→ **Work instruction**:
Include the line with "Graphic Side-Swirl Cornrows" and every line before it in the entries below, echoed exactly, but not the pictures.

→ **Data to process**:
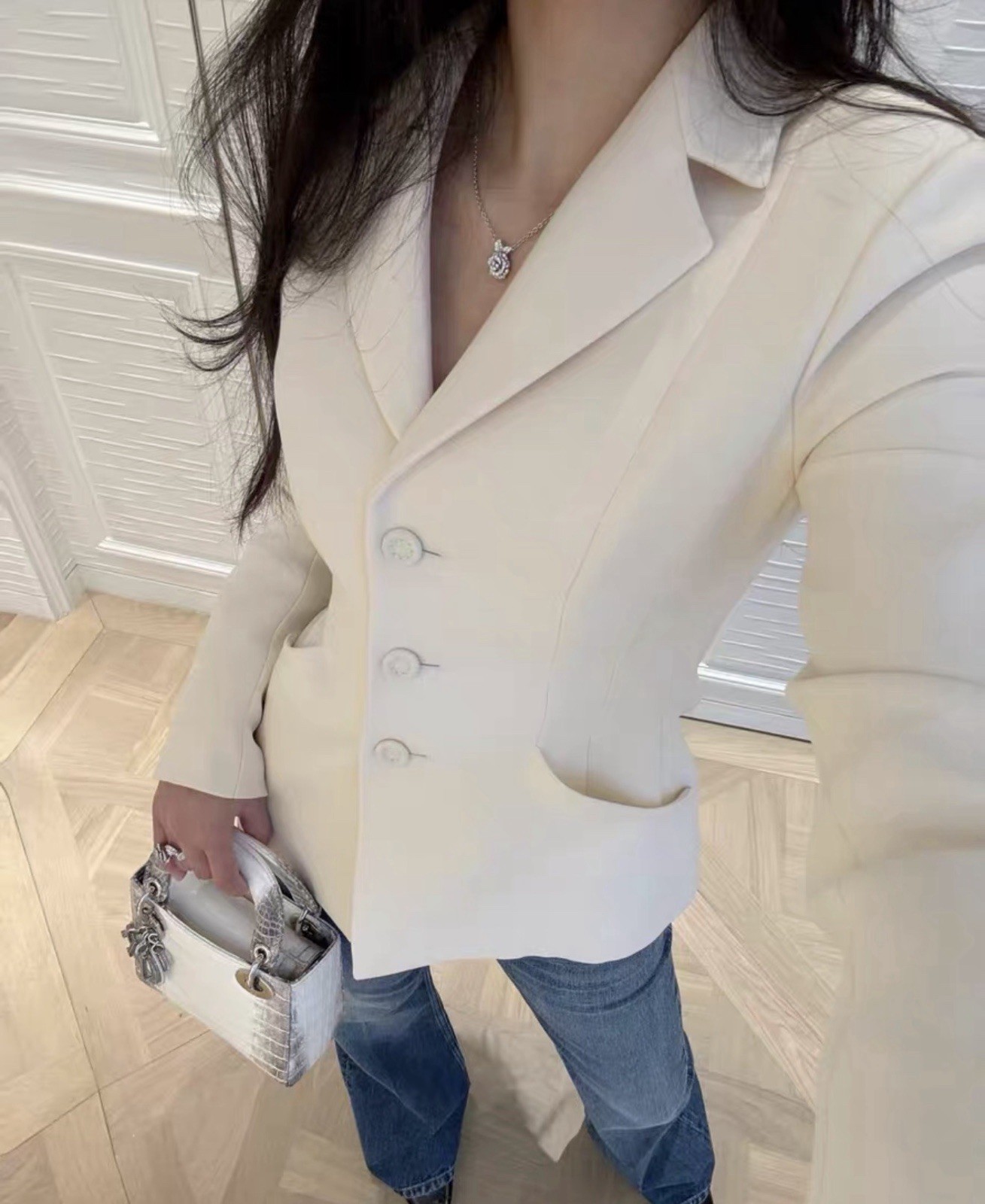 как выглядит RARE Christian Dior 30 Montaigne Bar Jacket White Cotton Silk Blazer FR36 S фото
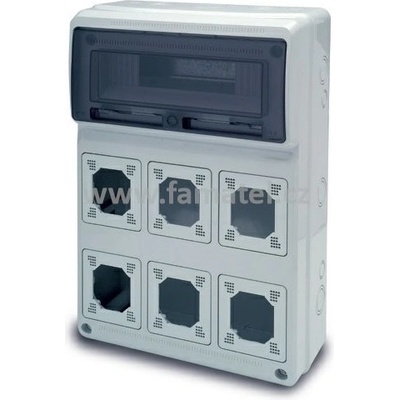 Skříň 3962 AcquaCOMBI IP65, 16 mod., 6 otvorů, 506x330x130/155mm, vybaveno svorkovnicí PE/N (2x SPTC-4: celkem 8x16mm2 + 16x10mm2), spojovatelná. Systém DoubleTWIST.
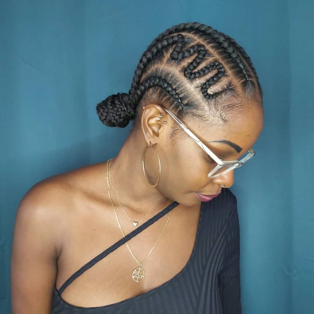 Graphic Side-Swirl Cornrows into Low Nape Bun
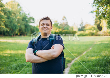 Happy 30s blonde man with backpack standing in the countryside. Traveler. Summer time. Positive handsome male with arms crossed in blue t-shirt standing outdoor
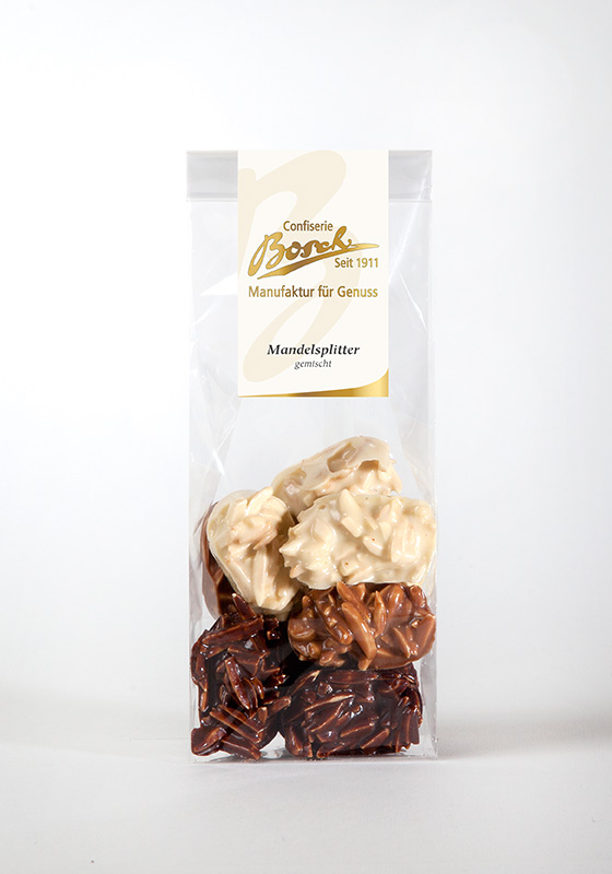 Mandelsplitter gemischt mit Vollmilch- dunkler- und weißer Schokolade überzogen

→ **Answer for the task**:
 как выглядит RARE Christian Dior 30 Montaigne Bar Jacket White Cotton Silk Blazer FR36 S фото
 Skříň 3962 AcquaCOMBI IP65, 16 mod., 6 otvorů, 506x330x130/155mm, vybaveno svorkovnicí PE/N (2x SPTC-4: celkem 8x16mm2 + 16x10mm2), spojovatelná. Systém DoubleTWIST.
 Graphic Side-Swirl Cornrows into Low Nape Bun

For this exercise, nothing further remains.